You Can See the Sun in Late December
2010, 6.5 minutes, (16mm) to digital
Beautiful emptiness, anguish and calm, absence rendered visible and present in the winter light, all intensified by the damned (non) question of motherhood. We feel fine. Or do we?
A Partial History of the Natural World, 1965
2015, 6.5 minutes, (16mm) to digital
A feminist meditation on the violent struggle for independence in southeast Asia and butterfly metamorphosis. Framed by excerpts from Sylvia Plath's poem "Tulips," A Partial History of the Natural World, 1965, reminds us that comfort is a privilege and denial of the suffering of others is not an option. With a live 1965 performance of Bartok's Solo for Violin 3.
Fragile
2022, 8.45 minutes
"Maybe I will cast a younger woman to perform me, the 'hockey mom' in the voiceover..." And so I did: six women a decade or more younger than I am, all artists I admire, speak a personal meditation on the early history of cinema, the anxiety of aging, and the woeful comedy of professional envy. 16mm footage of six “magic lantern” glass slides from the turn of the last century wryly evoke the Structural film tradition of anti-illusionist cinema and demystification.

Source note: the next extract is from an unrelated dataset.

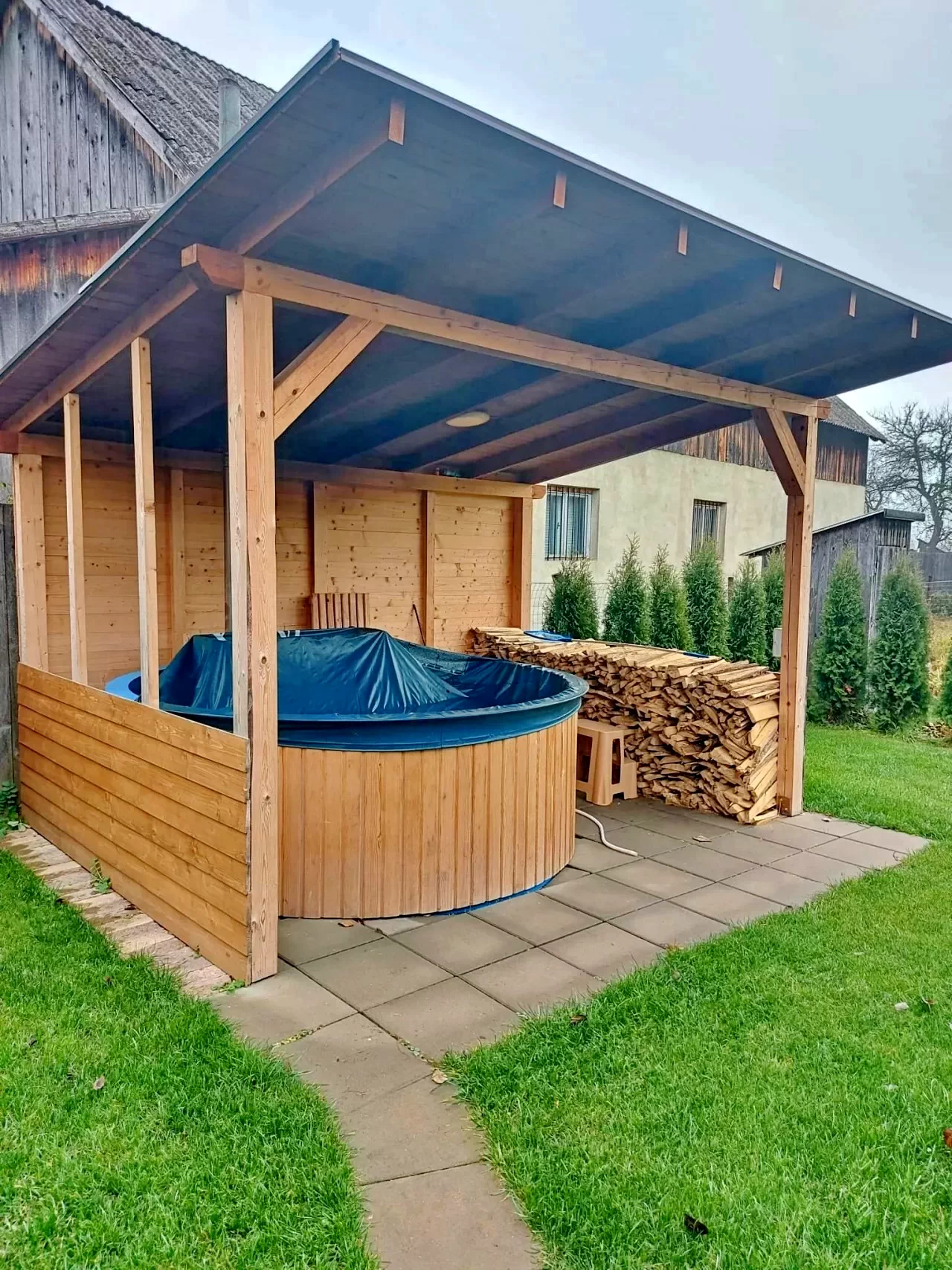- Az udvaron külön kialakított takaros épület (filagória) szolgál számos közösségi program helyszíneként.

"Hockey mom" performed by T.J Dedeaux-Norris, Lori Felker, Kelly Gallagher, Penny Lane, Jesse McLean and Courtney Stephens.
Ghost Protists
2024, 4.5 minutes, Digital Animation
A protist is an organism that is neither animal, vegetable, nor fungi. Plant-like protists are called algae – such as those “flowers of the sea” cyanotypes created by Anna Atkins and published in a landmark book in 1843. In a mesmerizing frenzy of images and text, Ghost Protists transforms her images into a protest of the historical erasure of the colonial violence that enabled their creation.